▶ [Your objective]
Go line by line through the entries below and copy those containing the string "with".

▶ [Given entries]
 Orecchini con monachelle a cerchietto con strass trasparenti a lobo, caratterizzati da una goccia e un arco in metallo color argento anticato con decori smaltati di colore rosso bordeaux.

...

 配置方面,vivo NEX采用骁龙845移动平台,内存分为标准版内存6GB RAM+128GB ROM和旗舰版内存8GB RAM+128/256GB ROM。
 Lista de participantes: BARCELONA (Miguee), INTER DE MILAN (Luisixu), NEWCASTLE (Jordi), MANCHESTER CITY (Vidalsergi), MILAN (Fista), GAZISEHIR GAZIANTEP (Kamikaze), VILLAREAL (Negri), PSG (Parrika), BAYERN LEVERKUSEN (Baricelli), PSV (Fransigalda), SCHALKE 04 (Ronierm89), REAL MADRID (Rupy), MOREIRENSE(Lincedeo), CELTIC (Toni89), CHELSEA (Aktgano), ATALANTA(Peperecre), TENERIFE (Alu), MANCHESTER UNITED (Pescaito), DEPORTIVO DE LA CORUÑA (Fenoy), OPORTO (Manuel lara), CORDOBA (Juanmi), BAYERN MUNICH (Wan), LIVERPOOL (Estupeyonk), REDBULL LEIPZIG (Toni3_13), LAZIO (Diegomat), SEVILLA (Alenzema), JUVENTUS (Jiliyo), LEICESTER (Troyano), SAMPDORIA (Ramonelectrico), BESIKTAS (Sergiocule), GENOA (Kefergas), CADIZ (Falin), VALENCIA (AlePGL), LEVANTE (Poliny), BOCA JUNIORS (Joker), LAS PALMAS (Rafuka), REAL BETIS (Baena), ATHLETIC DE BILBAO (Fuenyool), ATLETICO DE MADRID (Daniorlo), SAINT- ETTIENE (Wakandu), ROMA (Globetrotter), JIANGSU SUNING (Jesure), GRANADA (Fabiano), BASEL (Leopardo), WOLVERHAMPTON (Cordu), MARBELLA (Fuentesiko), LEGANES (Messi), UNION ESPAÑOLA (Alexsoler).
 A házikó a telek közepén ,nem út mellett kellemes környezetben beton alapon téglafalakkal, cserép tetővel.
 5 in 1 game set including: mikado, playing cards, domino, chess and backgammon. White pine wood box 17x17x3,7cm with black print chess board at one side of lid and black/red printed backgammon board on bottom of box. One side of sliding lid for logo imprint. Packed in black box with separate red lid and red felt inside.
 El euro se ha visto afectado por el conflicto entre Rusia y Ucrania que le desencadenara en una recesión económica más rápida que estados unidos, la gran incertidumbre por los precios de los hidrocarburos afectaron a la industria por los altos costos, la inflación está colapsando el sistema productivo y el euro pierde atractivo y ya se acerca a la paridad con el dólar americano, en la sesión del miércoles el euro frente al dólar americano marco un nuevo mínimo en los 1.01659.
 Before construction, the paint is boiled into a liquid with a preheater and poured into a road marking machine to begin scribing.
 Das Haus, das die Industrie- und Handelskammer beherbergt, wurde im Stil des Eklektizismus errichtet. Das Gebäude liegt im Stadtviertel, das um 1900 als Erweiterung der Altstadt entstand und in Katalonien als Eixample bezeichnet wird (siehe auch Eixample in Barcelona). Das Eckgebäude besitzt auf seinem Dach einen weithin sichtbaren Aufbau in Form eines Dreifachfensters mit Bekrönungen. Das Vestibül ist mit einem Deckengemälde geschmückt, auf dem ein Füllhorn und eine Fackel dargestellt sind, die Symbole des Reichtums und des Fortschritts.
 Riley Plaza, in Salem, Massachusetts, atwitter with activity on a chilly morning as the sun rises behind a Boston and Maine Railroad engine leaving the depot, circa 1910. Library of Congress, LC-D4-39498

▶ [Answer for the task]
 5 in 1 game set including: mikado, playing cards, domino, chess and backgammon. White pine wood box 17x17x3,7cm with black print chess board at one side of lid and black/red printed backgammon board on bottom of box. One side of sliding lid for logo imprint. Packed in black box with separate red lid and red felt inside.
 Before construction, the paint is boiled into a liquid with a preheater and poured into a road marking machine to begin scribing.
 Riley Plaza, in Salem, Massachusetts, atwitter with activity on a chilly morning as the sun rises behind a Boston and Maine Railroad engine leaving the depot, circa 1910. Library of Congress, LC-D4-39498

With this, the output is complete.